Bila berasal dari gigi, infeksi kemudian meyebar melalui korteks prosesus alveolaris. Kaidah umum adalah bahwa infeksi akan mengikis tulang yang paling tipis. Kebanyakan infeksi odontogenik menembus tulang menjadi abses vestibular (lokal), dan dapat menyebar ke dalam rongga fasialis. Rongga fasialis primer meliputi rongga kaninus, maksilla, bukal, submandibula, dan sublingual. Infeksi maksillaris odonotogenik yang menyebar ke superior dapat menyebabkan selulitis orbita atau trombosis sinus kavernosus. Jika mengenai rongga submandibular, sublingual, dan submental bilateral, ini dikenal sebagai angina Ludwig, suatau infeksi yang mengancam jiwa (gambar 27.25 dan 27.26). Jika tidak dilakukan perawatan yang tepat untuk infeksi dari rongga fasialis primer, infeksi dapat meluas ke posterior melibatkan rongga fasialis sekunder. Pada titik ini infeksi menjadi lebih parah, menyebabkan komplikasi dan morbiditas yang lebih besar. Infeksi yang melibatkan rongga ini sangat sulit untuk ditangani tanpa intervensi bedah. Rongga fasialis sekunder meliputi rongga maseter, rongga pterygomandibular, dan rongga temporal. Perluasan di luar rongga fasialis sekunder jarang terjadi. Namun dapat terjadi perluasan ke rongga leher dalam. Infeksi rongga leher dalam adalah masalah serius dan mengancam nyawa serta memerlukan konsultasi OMS segera dan kemungkinan intubasi endotrakeal. Rongga leher dalam termasuk diantaranya rongga faring lateral dan rongga retrofaringeal. Infeksi di daerah-daerah ini dapat menimbulkan potensi komplikasi berat: abses basis kranii / abses otak, obstruksi jalan napas bagian atas, aspirasi nanah ke dalam paru-paru serta sesak napas, dan infeksi rongga thoraks berat.

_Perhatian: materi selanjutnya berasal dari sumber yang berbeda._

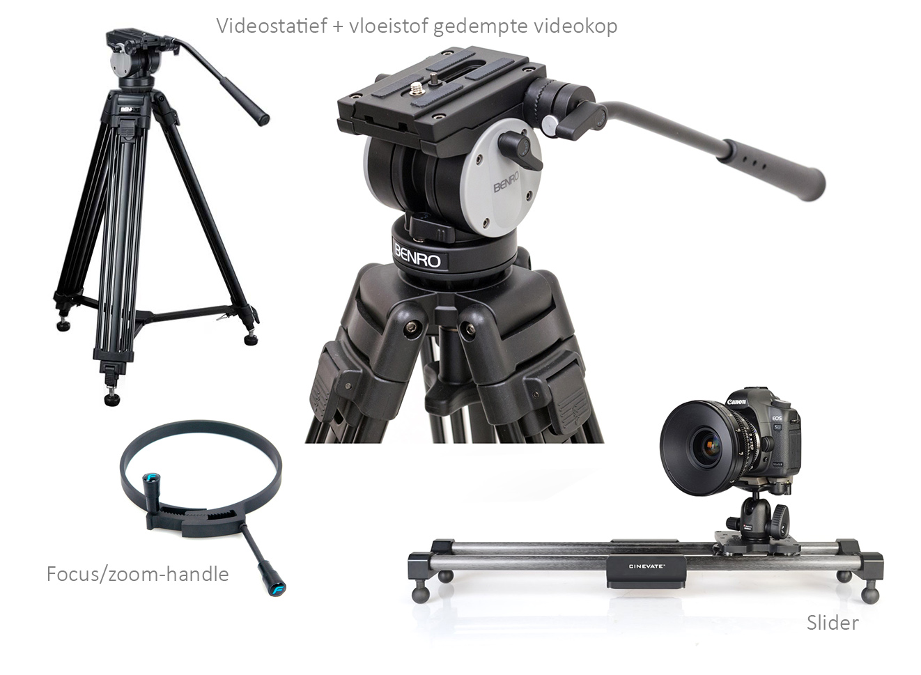 Het grote probleem van bewegend beeld is dat het niet bewogen mag zijn. Daarmee bedoelen we dat alle beweging vloeiend moet zijn en camerabeweging óf volledig afwezig moet zijn óf heel geleidelijk moet verlopen. Als je geen bewuste camerabeweging in je video gebruikt, dan kan je volstaan met een gewoon fotostatief. Maak je echter shots waarbij de camera van links naar rechts of boven naar onder beweegt (pannen), dan lukt dit niet vloeiend met een gewone statiefkop. Je hebt dan een gedempte videokop nodig. Alle bewegingen van de camera worden dan veel soepeler en omdat je een lange hendel hebt, kun je ook veel nauwkeuriger kaderen en volgen. Wij hebben een exemplaar van ongeveer 200 euro aangeschaft.

Manajemen dari infeksi sedang hingga berat berdasarkan lima standard goal: dukungan medis pasien, penanganan dengan antibiotik yang tepat, operasi pengangkatan sumber infeksi, drainase bedah dengan penempatan drain, dan reevaluasi. Namun, infeksi rongga fasialis membutuhkan manajemen yang lebih luas dan agresif. Pemeriksaan CT Scan awal akan menunjukkan lokasi edema dan potensi gangguan jalan napas dengan tepat, modalitas ini sangat penting untuk OMS dan ahli anestesi. Namun, pasien yang berpotensi mengalami sumbatan jalan napas harus dibawa langsung ke ruang operasi karena risiko intubasi yang timbul di ruang radiologi. Di ruang operasi, intubasi nasotrakhea (dengan persiapan untuk trakeostomi atau krikotirotomi) juga merupakan metode yang dapat dipilih. Dokter anestei perlu juga mempersiapkan intubasi nasoendotrakea fiber optic, yang kemungkinan diperlukan saat pasien terjaga karena adanya faktor yang membatasi perlindungan saluran napas selama intubasi. Satu penelitian melaporkan bahwa 67 persen pasien dengan angina Ludwig memerlukan intubasi, baik terencana mapun emergensi.